On giving utterance to the ill-understood speech, Helen Armstrong imprints a kiss upon her sister’s cheek, at the same time bedewing it with her tears. For she is now weeping—convulsively sobbing.

Returning the kiss, Jessie looks not a little perplexed. She can neither comprehend the meaning of the words, nor the strange tone of their utterance. Equally is she at a loss to account for the trembling throughout her sister’s frame, continued while their bosoms stay in contact.

Helen gives her no time to ask questions.

“Go in!” she says, spinning the other round, and pushing her towards the door of the state-room. Then, attuning her voice to cheerfulness, she adds:—

“In, and set the game of vingt-un going. I’ll join you by the time you’ve got the cards shuffled.”

Jessie, glad to see her sister in spirits unusually gleeful, makes no protest, but glides towards the cabin door.
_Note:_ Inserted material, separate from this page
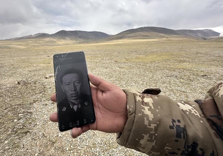 2024年6月15日,在西藏那曲市尼瑪縣境內(nèi)的羌塘國家級自然保護區(qū)“無人區(qū)”深處,格桑倫珠向記者展示他手機中珍藏的羅布玉杰的照片。新華社記者費茂華攝
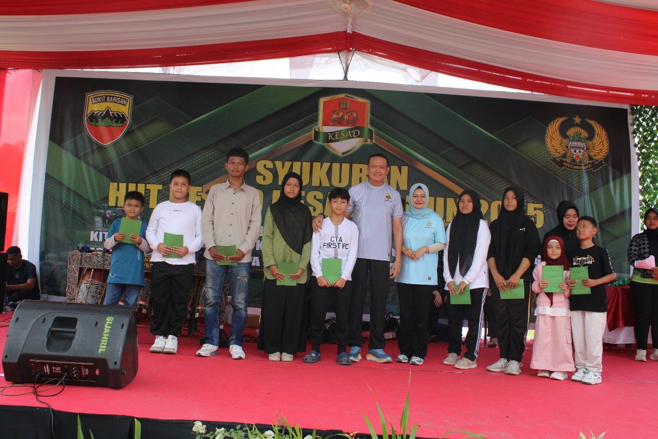 Sebagai wujud kepedulian sosial, kegiatan syukuran juga diisi dengan pemberian tali asih kepada anak-anak yatim dari keluarga besar Kesdam I/BB, yang menambah makna kebersamaan dan semangat berbagi dalam peringatan hari bersejarah ini.

Soon as her back is turned, Helen once more faces round to the river, again taking stand by the guard-rail. The wheel still goes round, its paddles beating the water into bubbles, and casting the crimson-white spray afar over the surface of the stream.

But now, she has no thought of flinging herself into the seething swirl, though she means to do so with something else.

“Before the game of vingt-un begins,” she says in soliloquy, “I’ve got a pack of cards to be dealt out here—among them a knave.”

While speaking, she draws forth a bundle of letters—evidently old ones—tied in a bit of blue ribbon. One after another, she drags them free of the fastening—just as if dealing out cards. Each, as it comes clear, is rent right across the middle, and tossed disdainfully into the stream.